▸ Work item
Every record that follows must be set down word for word.

▸ Extracted data
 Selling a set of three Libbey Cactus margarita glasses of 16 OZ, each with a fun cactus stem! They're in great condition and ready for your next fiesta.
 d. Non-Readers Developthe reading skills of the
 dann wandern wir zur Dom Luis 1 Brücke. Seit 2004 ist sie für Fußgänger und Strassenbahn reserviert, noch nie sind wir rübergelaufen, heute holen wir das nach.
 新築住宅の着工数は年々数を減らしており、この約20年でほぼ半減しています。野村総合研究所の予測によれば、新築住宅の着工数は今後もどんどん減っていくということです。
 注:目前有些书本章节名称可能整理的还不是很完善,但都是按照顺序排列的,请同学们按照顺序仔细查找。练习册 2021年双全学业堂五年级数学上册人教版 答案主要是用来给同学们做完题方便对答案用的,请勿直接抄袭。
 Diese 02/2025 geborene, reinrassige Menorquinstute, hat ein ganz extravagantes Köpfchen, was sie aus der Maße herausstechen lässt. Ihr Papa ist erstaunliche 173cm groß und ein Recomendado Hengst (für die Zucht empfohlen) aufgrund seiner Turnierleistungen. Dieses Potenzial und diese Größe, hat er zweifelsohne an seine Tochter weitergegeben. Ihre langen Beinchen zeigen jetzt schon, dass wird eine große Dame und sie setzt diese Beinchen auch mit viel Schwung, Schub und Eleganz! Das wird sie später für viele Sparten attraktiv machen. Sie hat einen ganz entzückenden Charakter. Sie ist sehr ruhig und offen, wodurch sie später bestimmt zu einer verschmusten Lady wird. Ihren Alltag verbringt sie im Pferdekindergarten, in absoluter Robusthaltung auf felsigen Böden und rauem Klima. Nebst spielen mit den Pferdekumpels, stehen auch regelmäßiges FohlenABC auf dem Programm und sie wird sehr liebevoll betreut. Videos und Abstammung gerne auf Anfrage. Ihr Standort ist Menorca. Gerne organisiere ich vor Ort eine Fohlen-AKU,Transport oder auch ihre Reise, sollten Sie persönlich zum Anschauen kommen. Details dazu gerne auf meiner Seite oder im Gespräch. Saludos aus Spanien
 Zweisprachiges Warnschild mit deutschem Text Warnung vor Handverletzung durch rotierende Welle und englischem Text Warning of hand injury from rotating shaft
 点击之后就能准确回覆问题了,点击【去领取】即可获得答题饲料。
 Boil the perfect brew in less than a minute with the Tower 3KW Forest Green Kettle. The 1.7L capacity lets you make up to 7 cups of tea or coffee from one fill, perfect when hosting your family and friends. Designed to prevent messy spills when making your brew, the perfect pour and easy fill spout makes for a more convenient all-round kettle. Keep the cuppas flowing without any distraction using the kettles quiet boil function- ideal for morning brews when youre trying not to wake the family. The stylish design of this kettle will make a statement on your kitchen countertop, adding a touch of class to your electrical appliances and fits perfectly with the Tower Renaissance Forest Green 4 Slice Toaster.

▸ Expected output
 Selling a set of three Libbey Cactus margarita glasses of 16 OZ, each with a fun cactus stem! They're in great condition and ready for your next fiesta.
 d. Non-Readers Developthe reading skills of the
 dann wandern wir zur Dom Luis 1 Brücke. Seit 2004 ist sie für Fußgänger und Strassenbahn reserviert, noch nie sind wir rübergelaufen, heute holen wir das nach.
 新築住宅の着工数は年々数を減らしており、この約20年でほぼ半減しています。野村総合研究所の予測によれば、新築住宅の着工数は今後もどんどん減っていくということです。
 注:目前有些书本章节名称可能整理的还不是很完善,但都是按照顺序排列的,请同学们按照顺序仔细查找。练习册 2021年双全学业堂五年级数学上册人教版 答案主要是用来给同学们做完题方便对答案用的,请勿直接抄袭。
 Diese 02/2025 geborene, reinrassige Menorquinstute, hat ein ganz extravagantes Köpfchen, was sie aus der Maße herausstechen lässt. Ihr Papa ist erstaunliche 173cm groß und ein Recomendado Hengst (für die Zucht empfohlen) aufgrund seiner Turnierleistungen. Dieses Potenzial und diese Größe, hat er zweifelsohne an seine Tochter weitergegeben. Ihre langen Beinchen zeigen jetzt schon, dass wird eine große Dame und sie setzt diese Beinchen auch mit viel Schwung, Schub und Eleganz! Das wird sie später für viele Sparten attraktiv machen. Sie hat einen ganz entzückenden Charakter. Sie ist sehr ruhig und offen, wodurch sie später bestimmt zu einer verschmusten Lady wird. Ihren Alltag verbringt sie im Pferdekindergarten, in absoluter Robusthaltung auf felsigen Böden und rauem Klima. Nebst spielen mit den Pferdekumpels, stehen auch regelmäßiges FohlenABC auf dem Programm und sie wird sehr liebevoll betreut. Videos und Abstammung gerne auf Anfrage. Ihr Standort ist Menorca. Gerne organisiere ich vor Ort eine Fohlen-AKU,Transport oder auch ihre Reise, sollten Sie persönlich zum Anschauen kommen. Details dazu gerne auf meiner Seite oder im Gespräch. Saludos aus Spanien
 Zweisprachiges Warnschild mit deutschem Text Warnung vor Handverletzung durch rotierende Welle und englischem Text Warning of hand injury from rotating shaft
 点击之后就能准确回覆问题了,点击【去领取】即可获得答题饲料。
 Boil the perfect brew in less than a minute with the Tower 3KW Forest Green Kettle. The 1.7L capacity lets you make up to 7 cups of tea or coffee from one fill, perfect when hosting your family and friends. Designed to prevent messy spills when making your brew, the perfect pour and easy fill spout makes for a more convenient all-round kettle. Keep the cuppas flowing without any distraction using the kettles quiet boil function- ideal for morning brews when youre trying not to wake the family. The stylish design of this kettle will make a statement on your kitchen countertop, adding a touch of class to your electrical appliances and fits perfectly with the Tower Renaissance Forest Green 4 Slice Toaster.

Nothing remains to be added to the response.